| STORED DATA |
/---

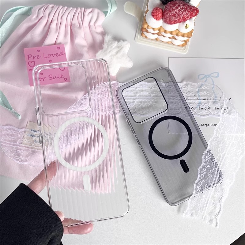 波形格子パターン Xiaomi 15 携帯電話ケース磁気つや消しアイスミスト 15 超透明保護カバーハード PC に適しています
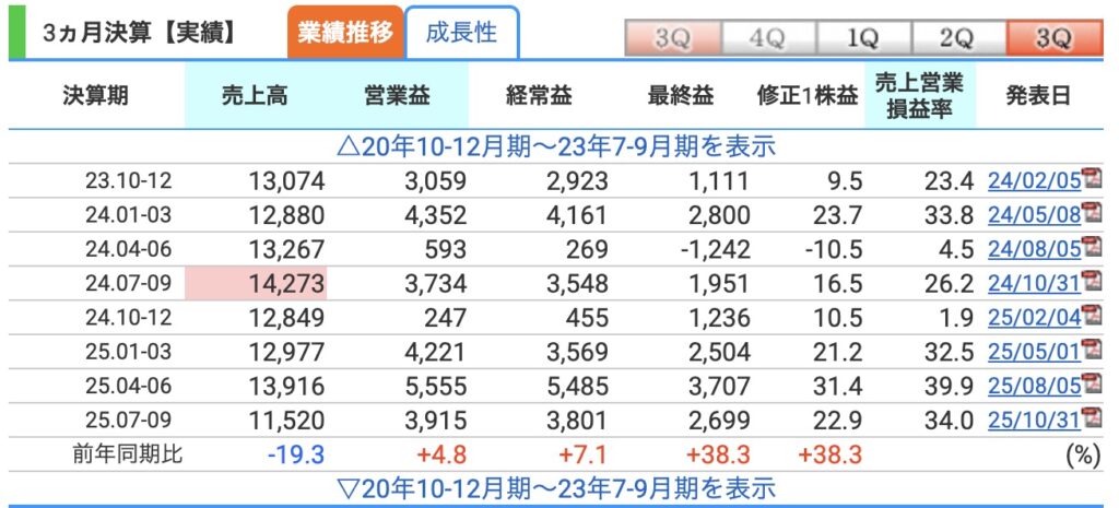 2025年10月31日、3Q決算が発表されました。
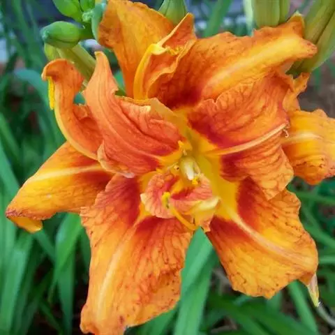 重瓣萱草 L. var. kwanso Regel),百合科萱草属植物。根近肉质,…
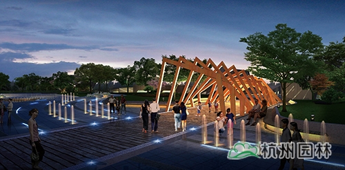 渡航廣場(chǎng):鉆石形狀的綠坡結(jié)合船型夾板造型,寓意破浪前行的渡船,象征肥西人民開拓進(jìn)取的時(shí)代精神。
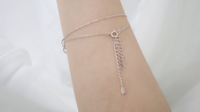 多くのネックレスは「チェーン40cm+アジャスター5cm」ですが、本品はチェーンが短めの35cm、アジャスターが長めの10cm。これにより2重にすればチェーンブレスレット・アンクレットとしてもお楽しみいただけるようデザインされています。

\---
/---

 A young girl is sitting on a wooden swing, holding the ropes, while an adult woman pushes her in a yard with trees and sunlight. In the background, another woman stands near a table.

\---

| WHAT IS BEING ASKED |
Using the listing above, reproduce word for word every line from the one containing "2025年10月31日、3Q決算が発表されました。" through the one containing "多くのネックレスは「チェーン". Pictures must be left out.

| WRITTEN SOLUTION |
 2025年10月31日、3Q決算が発表されました。
 重瓣萱草 L. var. kwanso Regel),百合科萱草属植物。根近肉质,…
 渡航廣場(chǎng):鉆石形狀的綠坡結(jié)合船型夾板造型,寓意破浪前行的渡船,象征肥西人民開拓進(jìn)取的時(shí)代精神。
 多くのネックレスは「チェーン40cm+アジャスター5cm」ですが、本品はチェーンが短めの35cm、アジャスターが長めの10cm。これにより2重にすればチェーンブレスレット・アンクレットとしてもお楽しみいただけるようデザインされています。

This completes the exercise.